Peacework has been published monthly since 1972, intended to serve as a source of dependable information to those who strive for peace and justice and are committed to furthering the nonviolent social change necessary to achieve them. Rooted in Quaker values and informed by AFSC experience and initiatives, Peacework offers a forum for organizers, fostering coalition-building and teaching the methods and strategies that work in the global and local community. Peacework seeks to serve as an incubator for social transformation, introducing a younger generation to a deeper analysis of problems and issues, reminding and re-inspiring long-term activists, encouraging the generations to listen to each other, and creating space for the voices of the disenfranchised.

Views expressed are those of the authors, not necessarily of the AFSC.

From the editor's desk

Searching for one poem by Grace Paley to print for you, to accompany our invitation on the back page of this Peacework to come and hear her read from her work at the Pat Farren Lecture, we accumulated a large collection of favorites. Hard choice. So we invite you to second guess us (Begin Again: Collected Poems, Farrar Straus Giroux, New York, 2001). Better yet, come September 20 to hear her for yourself.

One clear choice we might have made, to set the tone or serve as epigram for this 2001 Summer Reading issue (which has very little light beach reading in it, alas), is Paley's poem called "Responsibility."

It is the responsibility of society to let the poet be a poet...
It is the responsibility of the poet to stand on street corners
         giving out poems and beautifully written leaflets...
It is the responsibility of the poet to go in and out of ivory
         towers and two-room apartments on Avenue C
         and buckwheat fields and army camps...

This Peacework starts out with a large review essay by Zia Mian on geography, history, and an uncertain future; a classic reading list on ecology and politics; and two maverick novels--all about principalities and power.

It is the responsibility of the poet to be lazy      to hang out and
         prophesy...
                  there is no
         freedom unless
         earth and air and water continue and children
         also continue

We go on to review essays on peacemaking in the midst of war: first, about journalists' accounts of our atomic bombings, a film-maker's revision of Pearl Harbor, and a suggestion that the anti-war community broaden its horizons as it roams the Internet. Three important books consider nonviolence--that "force more powerful than war" the poet Denise Levertov has named for us. Do you remember reading Johnny Tremain? Peacework's young volunteer Eoin Gaj pairs it with another coming-of-age story set in the time of the American Revolution--the one written during WWII, the other during Vietnam. Eoin offers us a classic lesson in bias and point of view. The memoir Without Vodka presents the same lesson, painfully learned by one young man over the course of one war.

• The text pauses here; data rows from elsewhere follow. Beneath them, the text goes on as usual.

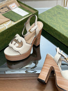 GG 120 INTERLOCKING G SANDAL WHITE CALFSKIN
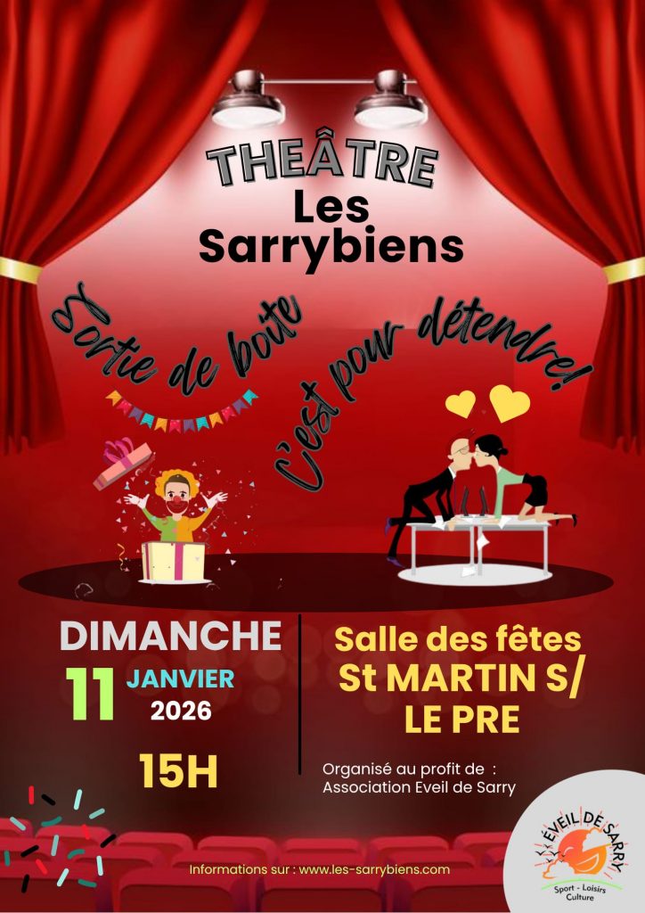 Théâtre « Les Sarrybiens » samedi 8 novembre 2025 – 15h et 20h30 à la salle des fêtes de Sarry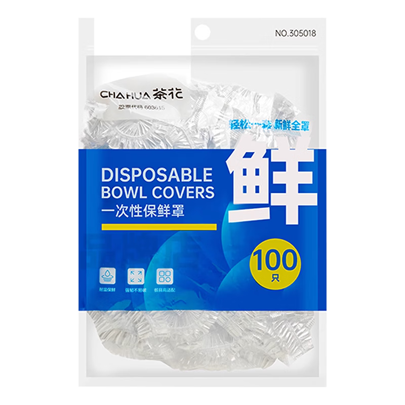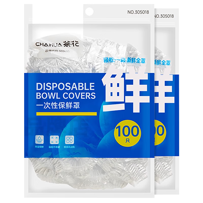 茶花保鲜膜套100只松紧口通用食品级一次性剩菜保鲜防尘浴帽式自封口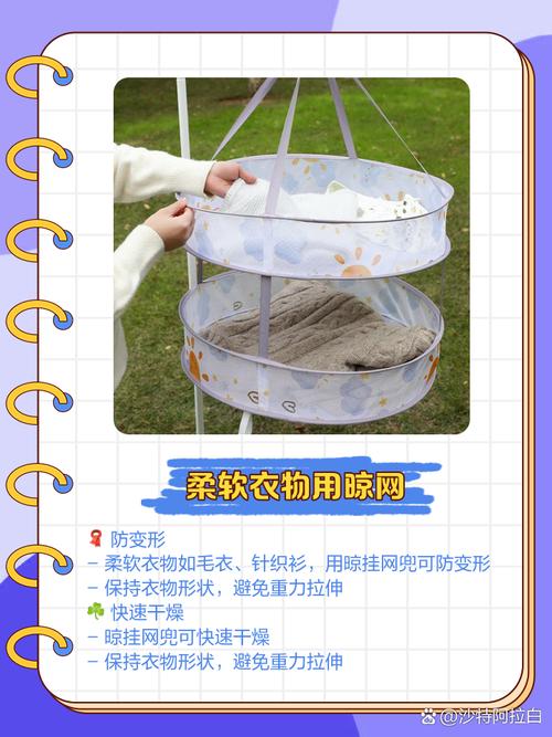 内衣: 倒挂晾晒:使用夹子夹着内衣倒着晾,这样可以避免内衣因重力作用而拉长变形。 中间悬挂:或者从中间悬挂内衣,同样有助于保持内衣的形状。 阳光晾晒:内衣需要在阳光下晾晒,以杀灭细菌。 针织服装: 避免直接悬挂:针织服装如毛衣等容易拉伸变形,不宜直接悬挂在晾衣杆上。

Finally, peace studies scholar Michael True, looking at the profoundly anti-war poetry of Stanley Kunitz and Karl Shapiro, reminds us of Kunitz's question: "To whom can one pledge his allegiance except to the victims?"

It is the poet's responsibility to speak truth to power as the
         Quakers say
It is the poet's responsibility to learn the truth from the
         powerless

Peacework's next section takes its title from a line in Walter Mosley's Walkin' the Dog: "All he thought was that he had to stand up without killing." The subject is racism in America. There's a chilling overview from the National Coalition Against Censorship, a great list of the Myers outstanding books from last year on bigotry and power, a ramble through "The Boondocks," images from the South Bronx, and voices of incarcerated young men. Chip Berlet and Matthew Lyons call our society's racism right-wing populism and they say its endemic. A children's librarian has found a cluster of kids' books by Ann Cameron that provide a healthy antidote.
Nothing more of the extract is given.